Governor Palin to Meet Foreign Leaders

And without a massive charge to the taxpayers or media hoopla about a messianic speech in Berlin:

Republican vice presidential candidate Sarah Palin will meet with foreign leaders next week at the United Nations, a move to boost her foreign-policy credentials, a Republican strategist said.

Republican candidate John McCain plans to introduce the Alaska governor to heads of state at the opening of the U.N. General Assembly, although specific names weren’t yet firmed up. “The meetings will give her some exposure and experience with foreign leaders,” the strategist said. “It’s a great idea.”

McCain and Palin are expected to visit the U.N. on Tuesday, when President George W. Bush will address the international body.

Since her nomination, Palin has energized the Republican base, drawn huge crowds and propelled fund-raising.

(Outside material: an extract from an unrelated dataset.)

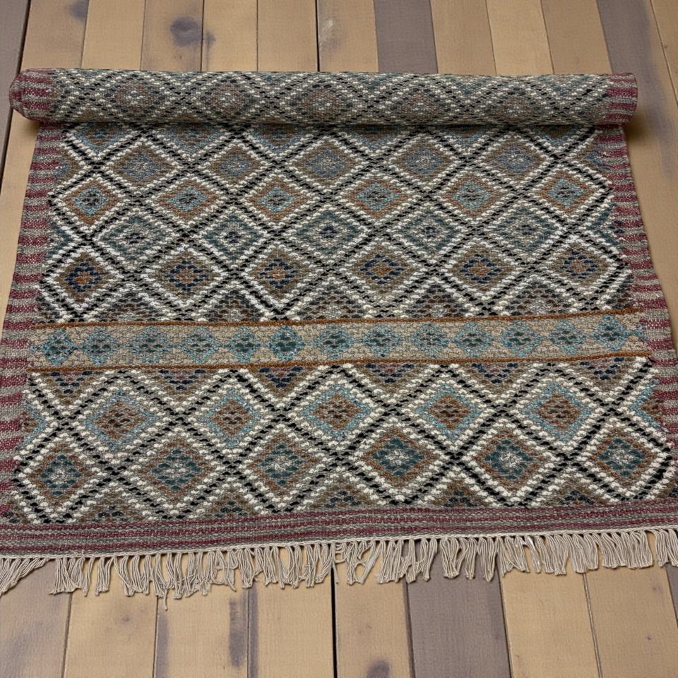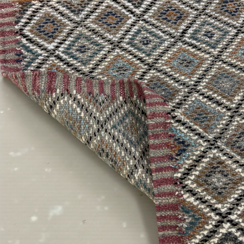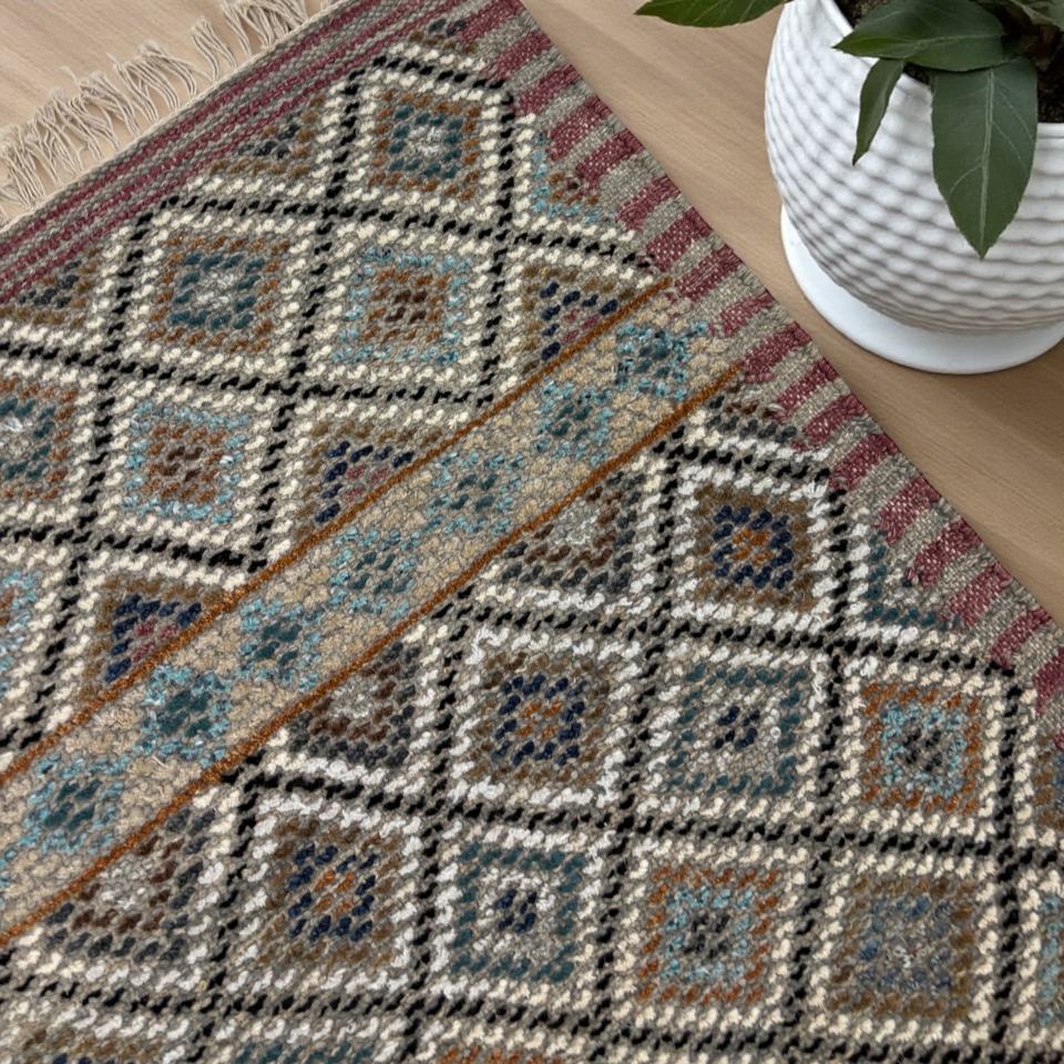 Handmade Modern Abstract Eco-Friendly Kilim Rug-Tan & Navy Blue Flatweave Hand-Woven Wool with Earth-Tone Vine Leaf Motifs
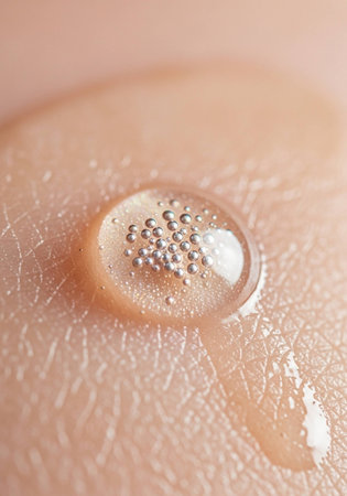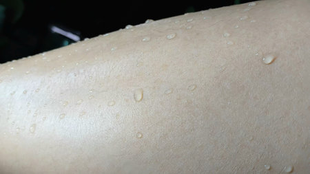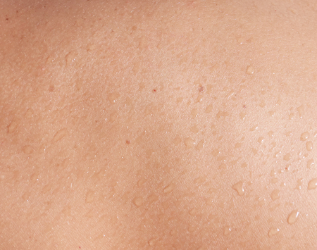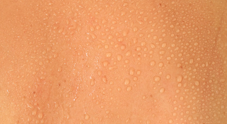 A closeup shot of details on sunburnt human skin with dripping sweat

However, Democrats have attacked her as weak on foreign policy experience. Even on last week’s “Saturday Night Live,” actress Tina Fey spoofed Palin’s assertion that she is familiar with issues involving Russia, noting that Alaska is nearby. “I can see Russia from my house!” Fey-as-Palin said.

But McCain advisers hope her U.N. visit will show how quickly Palin can make key connections and become well-versed in foreign-policy issues.

In my view, meeting foreign leaders is over-rated – once upon a time, a US President simply wouldn’t leave the United States during his term; diplomacy was handled by diplomats. Treaties were worked out in consultation between diplomats and the President and once agreed to they were submitted to the Senate for ratification. It all worked pretty well – and as varied meetings, at varied times, between Woodrow Wilson, David Lloyd George, Georges Clemenceau, Winston Churchill, Adolf Hilter, Josef Stalin, Chiang Kai-shek, Neville Chamberlain, Benito Mussolini, Franklin Delano Roosevelt and Harry Truman produced pretty much nothing but disaster, I can assert with some strength that direct meetings between leaders cause more problems than they solve. In counter balance to this, we have the meetings between Ronald Reagan and Mikhail Gorbachev….but the chances that the level of wisdom in those two men would be duplicated elsewhere by others is rather slim, even with the best of intentions.

But Governor Palin will meet some – and it will at least give her a grounding in the sort people she’ll have to deal with in global affairs. It will also give her at least as much foreign policy experience as Obama, who has nothing but the aforementioned trip to Europe a couple months ago on his foreign policy resume’.